Components of Compensation

 

In order to attract and retain the needed level of executive talent for our Company, compensation for our NEOs consists of three primary elements, which are allocated between short-term and long-term compensation, and are designed to reward service and performance: base pay, annual non-equity incentive awards and long-term equity awards.

 

  Base pay provides a fixed level of compensation to our NEOs that reflects an NEO’s responsibilities, job characteristics and scope, performance, experience and skill set and is reviewed annually and subject to adjustment based on individual performance, experience, business conditions, market factors and comparable market data from our peer group.
     
  The annual non-equity incentive award rewards NEOs for achieving our annual, predetermined financial and operational goals and aligns NEO compensation closely with Company performance and maximizing stockholder value. 75% of this award is our Business Performance Incentive, or “BPI” component, measured through three elements: Working Capital Efficiency, EBIT Growth and EBIT Percentage of Sales.
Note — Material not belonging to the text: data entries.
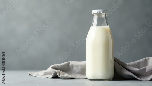 Milk, bottle, fabric, gray backdrop, soft focus, linen, design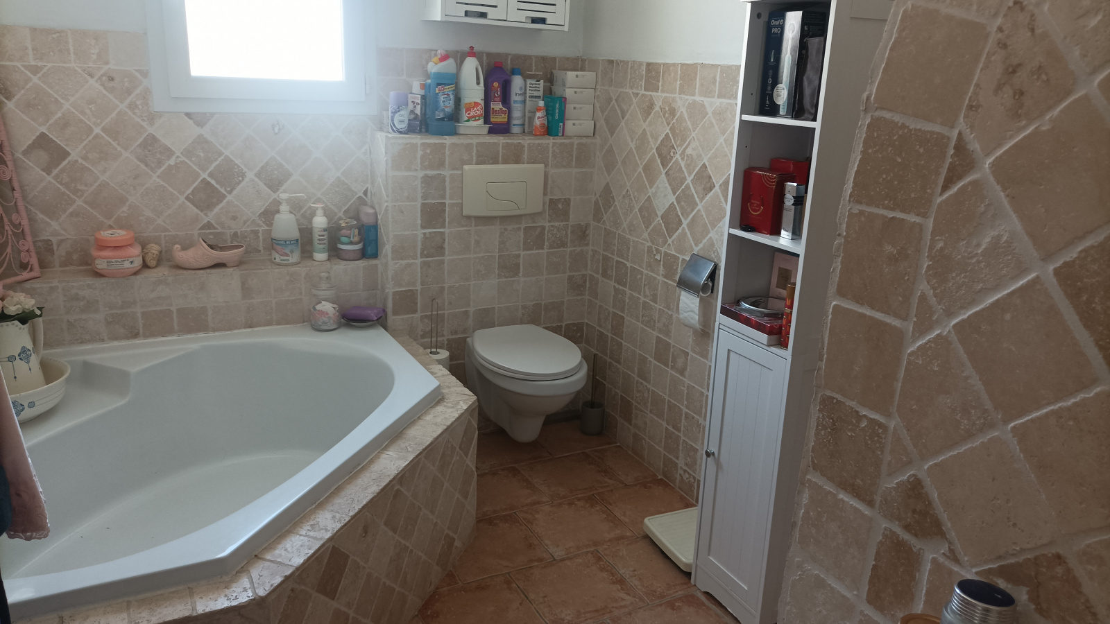 gd salle de bain avec baignoire douche et wc. 4 chambres , buanderie , wc indépendant, climatisation gainable . garage avec mezzanine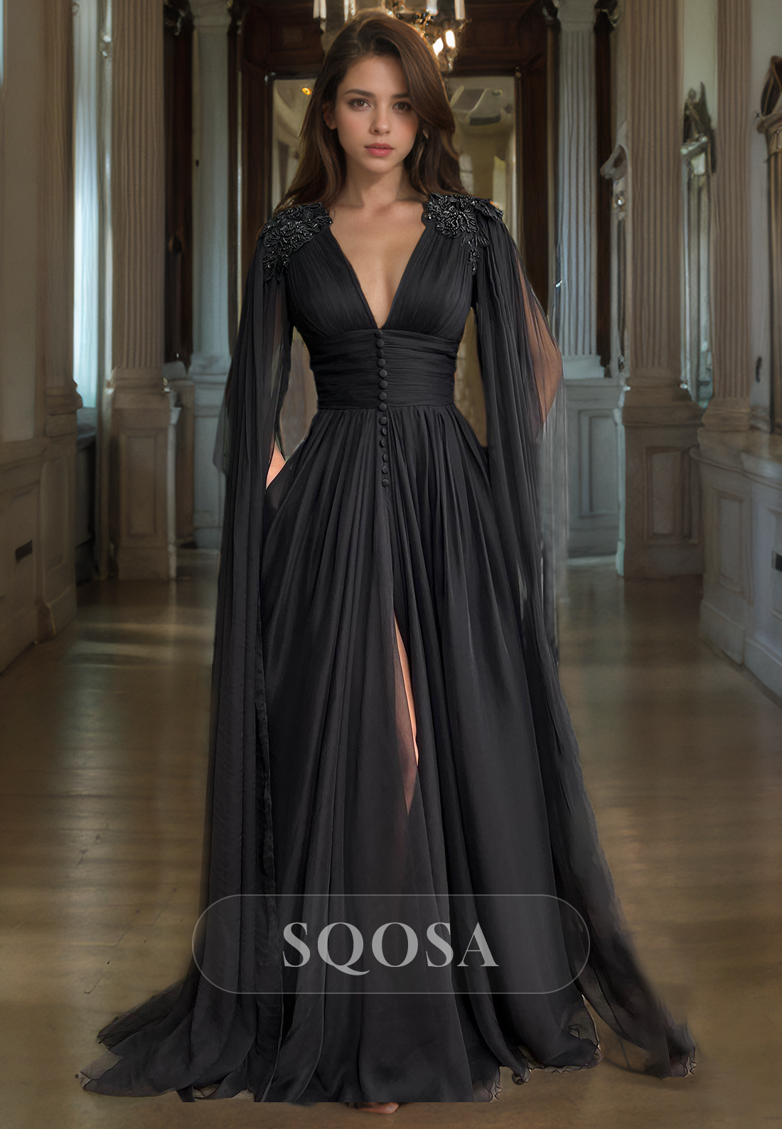 This A Line V Neck Chiffon Pleats Long Black Prom Dress with Pockets is perfect for any special occasion. The elegant V neck and pleats add sophistication, while the chiffon material is light and comfortable. With the added benefit of pockets, this dress combines style and practicality. Perfect for proms and parties.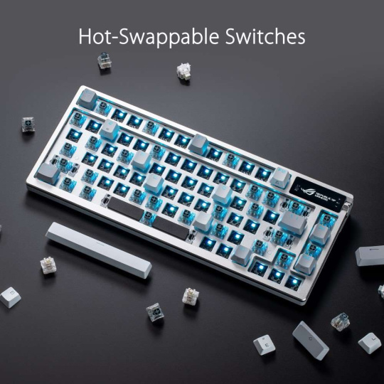 - Mechanické spínače ROG NX vyměnitelné za provozu: Předem namazané spínače pro hladší cvakání a eliminaci odskakování; rychlé ovládání a vyladěné křivky síly ROG poskytují skvělý pocit a konzistenci kláves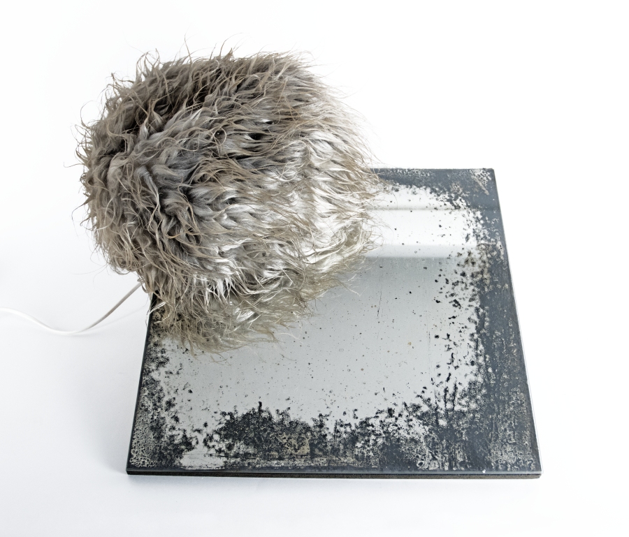 Fur with electric motor over oxidized mirror and wooden plate, 1977; H 47 cm, W 48 cm, D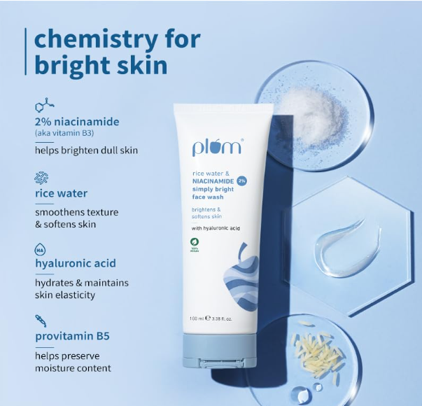 Plum 2% Niacinamide Simply Bright Face Wash With Rice Water 100 ml | Brightens Skin, Helps Fade Blemishes | Softens & Smoothens Skin | Gentle & Non-Drying | Women & Men | 100% Vegan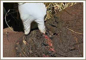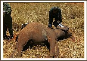 It was darted with 13mgs Etorphine in 1.5cc dart filled with water for injection. It was in some shrubs which made the approach by vehicle impossible, thus the animal was darted on foot. The dart landed on the right rump prompting the animal to run away with difficulties. It was fully immobilized in seven minutes assuming a sitting position. It was pushed to the left lateral recumbence manually. The right ear was used as blind fold and trunk was kept patent with the aid of a piece of stick at extreme open end.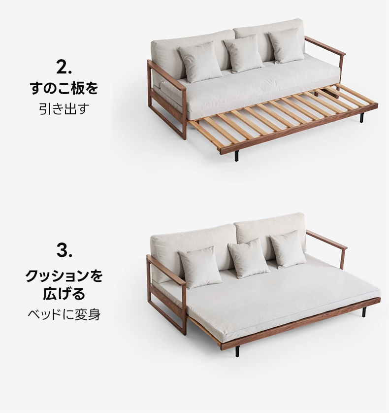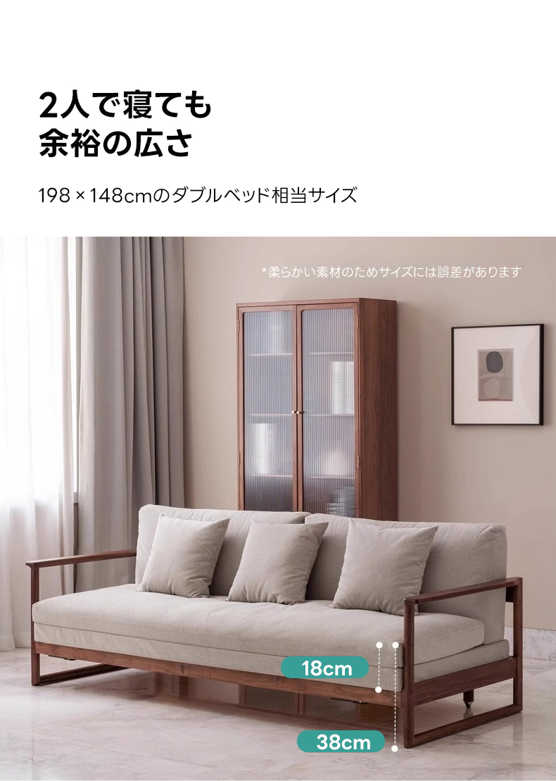 - 【カップルやファミリーに最適】ダブルベッドサイズに変換可能で、2人で寝てもゆったりとしたスペースを確保できます。カップルやファミリー向けに設計され、リビングでのくつろぎ時間を豊かにします。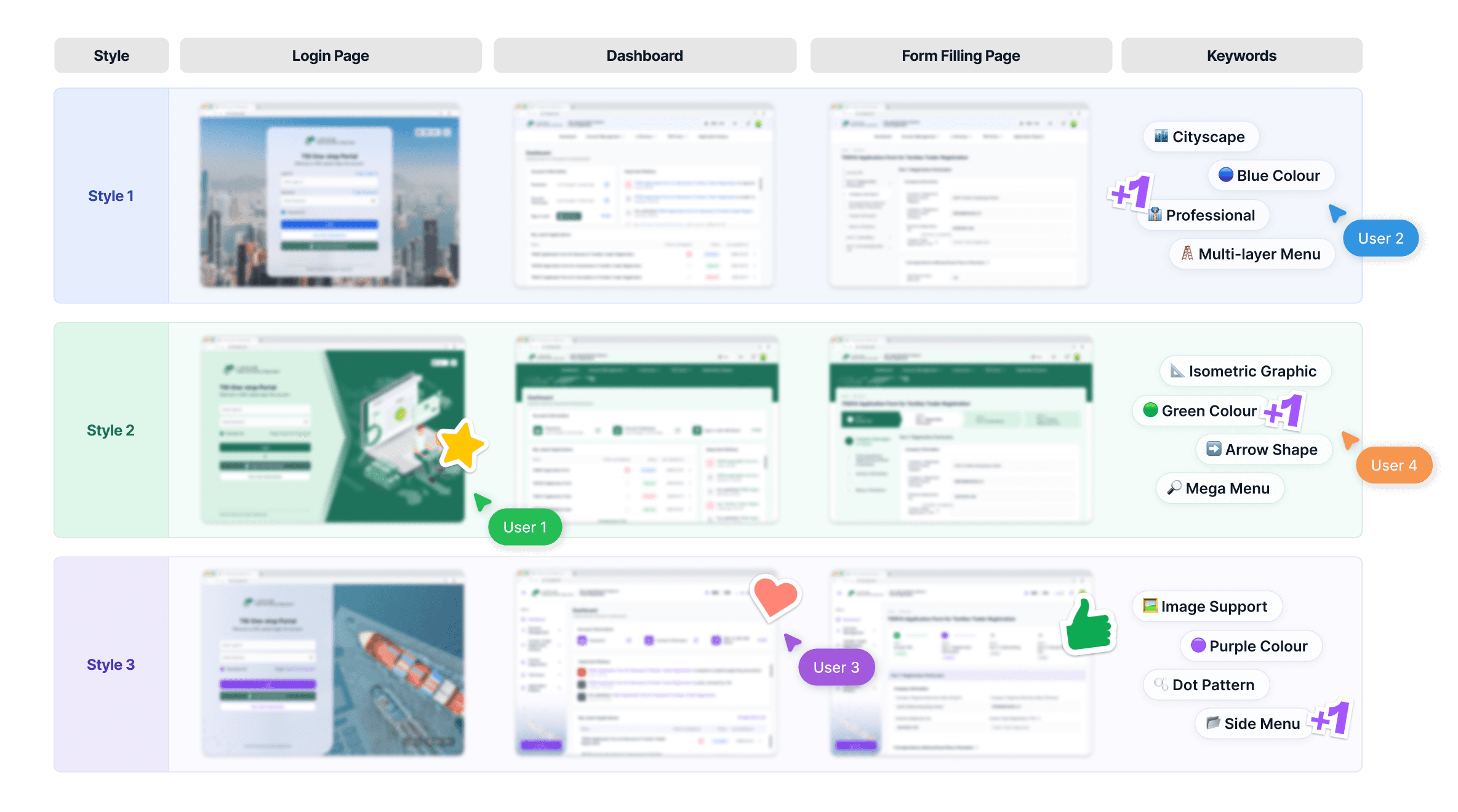 To address the identified issues, we presented three distinct design styles to gather user comments, allowing us to ensure a design direction that resonates with their preferences.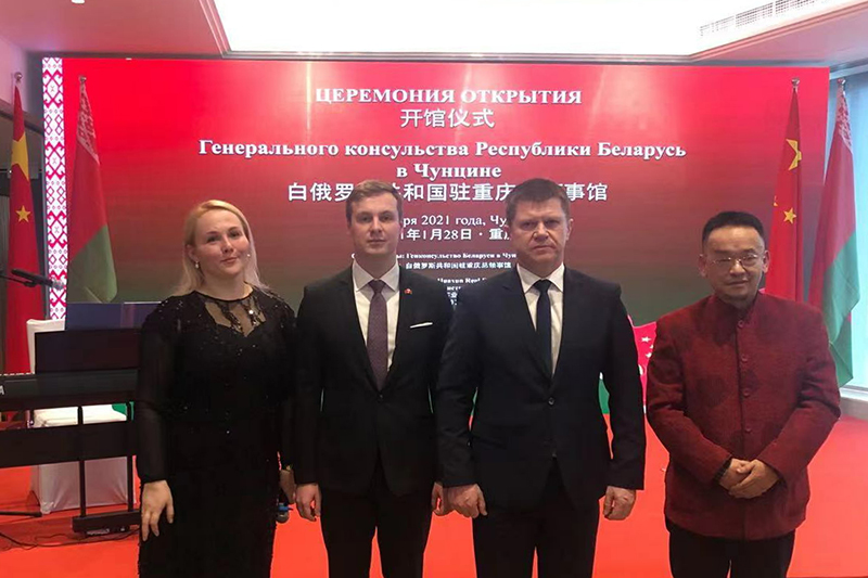 1月28日下午,开元副校长谭宏、国际处负责人和音乐学院白俄罗斯籍教师应邀出席了在重庆环球金融中心举行的白俄罗斯共和国驻重庆总领事馆开馆庆典活动。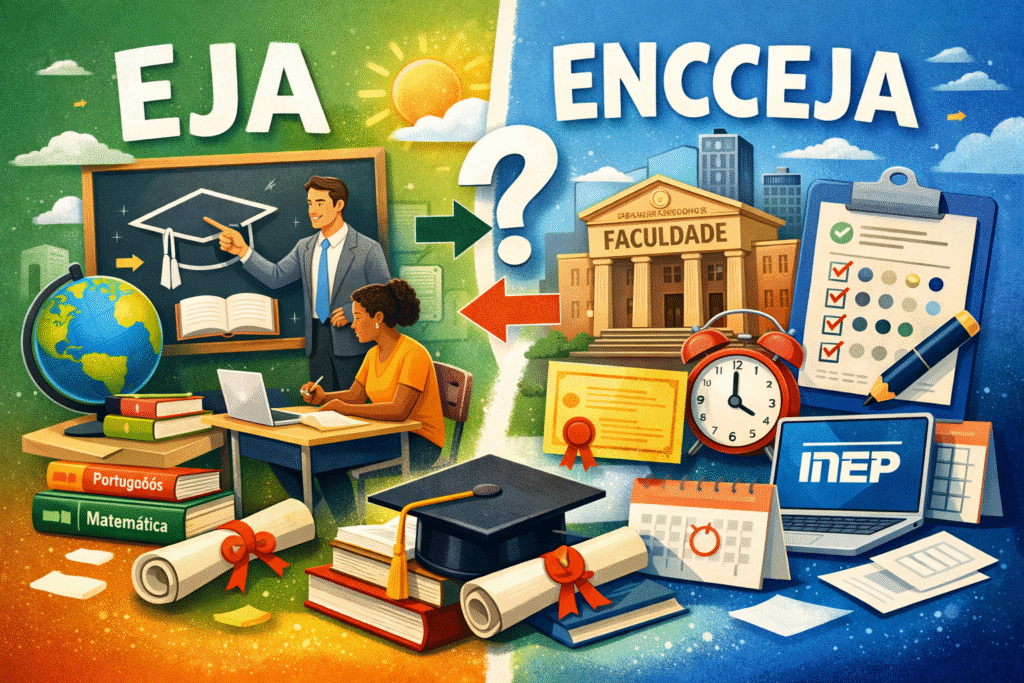 EJA, ENCCEJA são duas das principais alternativas para quem não concluiu o ensino fundamental ou médio na idade regular. Muitas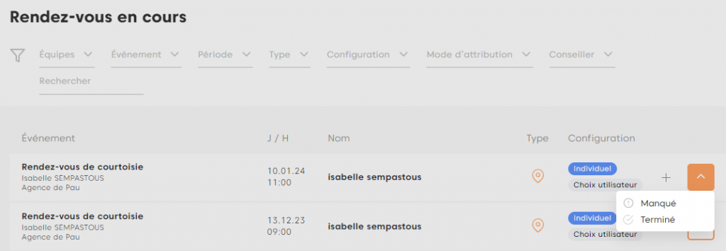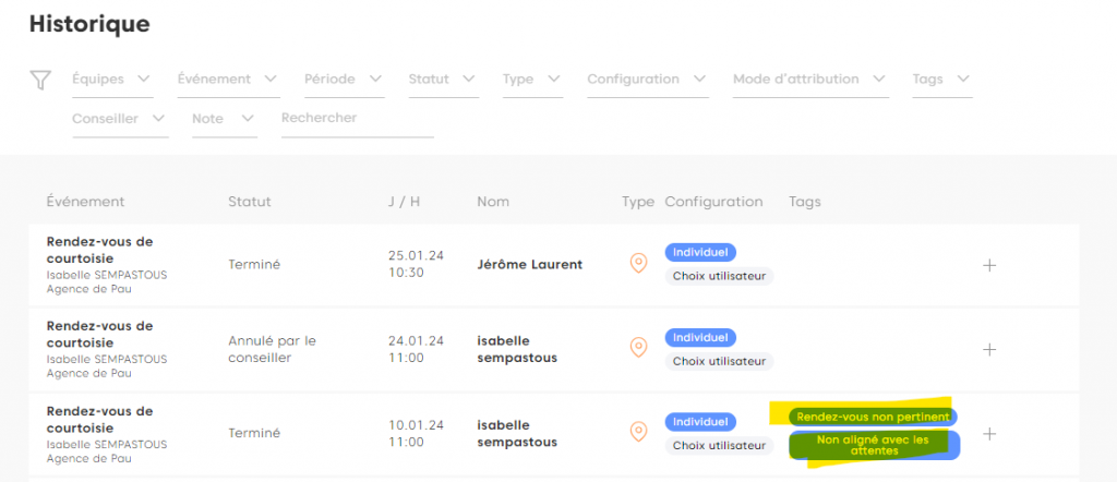 Le rendez-vous est catégorisé dans la section Historique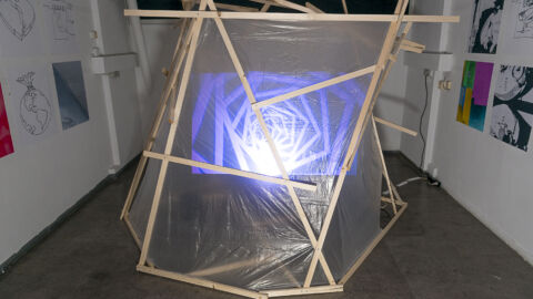 The space is dominated by a sculpture that was originally conceived as a kind of exhibition architecture to create planes and surfaces to project and hang works. It was intended to be “detached from its environment where different ideas could intersect in an attempt to create its own time-space dimension” (Domenik Gebhardt). The sculpture is completely present in the room but also hints at movement to outside of the space. It is both a surface of projection and a work in its own right. Helping thoughts and ideas to dematerialize at one point and rematerialize at another, it is a spacecraft and time-machine, a Tardis: Time And Relative Dimension In Space.

The remaining 25% of this award is based on an NEO’s individual performance against established objectives, which we refer to as the Annual Performance Incentive, or “API” component. Target award opportunities are typically set at the median of market levels among our Industry Peer Group (as defined below).
     
  The long-term equity components of our executive compensation program are directly linked to the principle that executive compensation should be based on performance. Long-term equity awards for our NEOs consist of performance-based and time-based RSU awards, which provide incentives for our executives to remain employed by us and enhance stockholder value since the value of such awards depends on the executive’s continued employment and the value of our stock on the awards’ vesting date. Performance-based equity grants represent two-thirds of our long-term equity awards and are measured based on our relative performance against our OSX peers on EBITDA Growth, ROI and TSR. Equity award opportunities are typically set at the 50 th percentile of market compared to our Industry Peer Group.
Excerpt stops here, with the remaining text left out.